Глава тридцать третьи
СНОВА ЖИЗНЬ – СНОВА БОРЬБА

В логу, заросшем густой лещиной, в его прохладной сырой тишине шуршали огрубевшие листья. За логом на взгорье шумел и раскачивался лес, прощаясь с уходящим летом. Разведчиком осени пришел пасмурный день, заволакивая небо и солнце серой холодной мглой. Но краше самого яркого солнечного дня был для беглецов этот ненастный день. Давно не дышали они так легко и свободно, наслаждаясь неожиданно обретенным покоем. На дне лога протекал захолодавший ручей. Около него зябко дрожал осинник, и так вкусна была ломившая зубы родниковая ледяная вода!

Воля, свобода, жизнь!

Камень, винтовочный штык и приклад помогли выбить заклепки из кандалов. Цепи в подпалинах ржавчины лежали на земле клубком свившихся змей. Василий Агутин топтал их сапогами, вдавливая в илистый берег ручья.

Сидели, судили-рядили обо всем, что пришлось пережить. Василий рассказывал о своей солдатской службе в конвойной команде, об арестантах, которых приходилось сопровождать, о повадках и нравах начальства. И хотя после побега минуло лишь несколько часов, вся тюремная жизнь сразу отодвинулась для беглецов будто в давнее прошлое, – не приснись она никогда и во сне!

– К Волге подаваться надо, – говорил Василий Агутин. – Она должна быть недалече. После Сызрани только три перегона проехали. А на Волге пристроимся к бурлакам. Самое ватажное место. Там беспаспортных запросто принимают, только лямку тяни.

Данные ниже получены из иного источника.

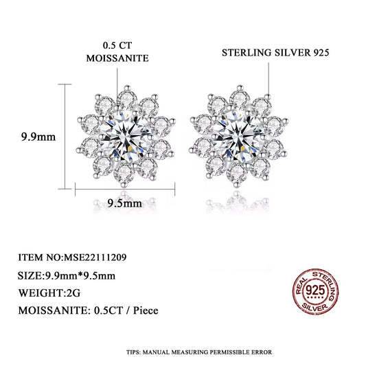 Snowflake Sparkle Round Silver Moissanite Pendant and Earrings
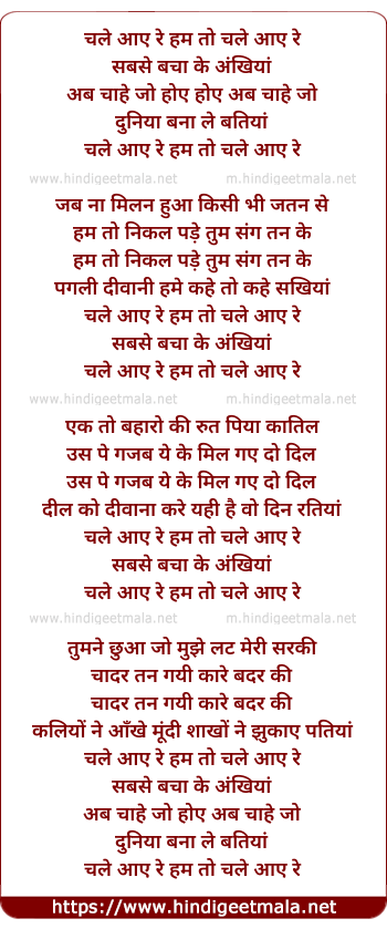 Lyrics of Chale Aaye Re Hum To Chale Aaye Re - चले आए रे हम तो चले आए रे
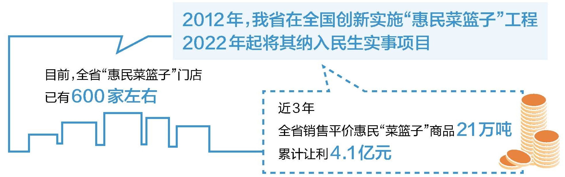 2012年,我省在全國創(chuàng)新實施“惠民菜籃子”工程,2022年起將其納入民生實事項目。目前全省“惠民菜籃子”門店已有600家左右,在各市城區(qū)主要社區(qū)基本實現(xiàn)“全覆蓋”。近3年全省銷售平價惠民“菜籃子”商品21萬噸,累計讓利達4.1億元。在主要節(jié)假日、突發(fā)事件及菜價上漲時,“惠民菜籃子”總會如約而至,為群眾帶來“穩(wěn)穩(wěn)的幸福”。

Алексей сожалел о том, что Денис Юрлов был в другом арестантском вагоне и не мог бежать с ними. Вспомнил его рассказ о брате, работавшем в Сормове, и сказал:

– В Нижний нужно попасть.

– А в Нижний – опять же по Волге идти.

В сумерки они вышли из лога, не зная, куда держать путь. Где она, эта Волга? Может, к ней идут, может – и другую сторону. Только бы не кружить по одним и тем же местам. Впотьмах забирались в непролазную чащу; окликая друг друга, выпутывались из нее; поднимались по взгорьям и спускались в низины. Вскоре черной стеной встала ночь. Ничего не видя перед собой, натыкались на деревья и решили остановиться.

– Сибирский твой глаз... Шишку на лоб приварил.

Прислонившись к деревьям, сидели в непроглядной тьме, прислушиваясь к неумолчному шуму леса, которому ветер не давал ни минуты покоя.

– Хоть устамши, больше суток не жрамши, а все равно хорошо! – вздохнув полной грудью, сказал Агутин.

– Устроимся в Сормове на завод, сойдемся там поближе с людьми – еще десяток-другой сознательных рабочих прибавится, – говорил Алексей.

Прохор думал о том, как он сам, подобно Тимофею Воскобойникову, начнет где-то поднимать еще не тронутые пласты подневольной рабочей жизни; как встретит новых друзей, похожих на побратима Петьку Крапивина и на Саньку Мамыря; как такой же вот темной ночью будет перебегать от одной рабочей казармы к другой, рассовывая принесенные за пазухой листки.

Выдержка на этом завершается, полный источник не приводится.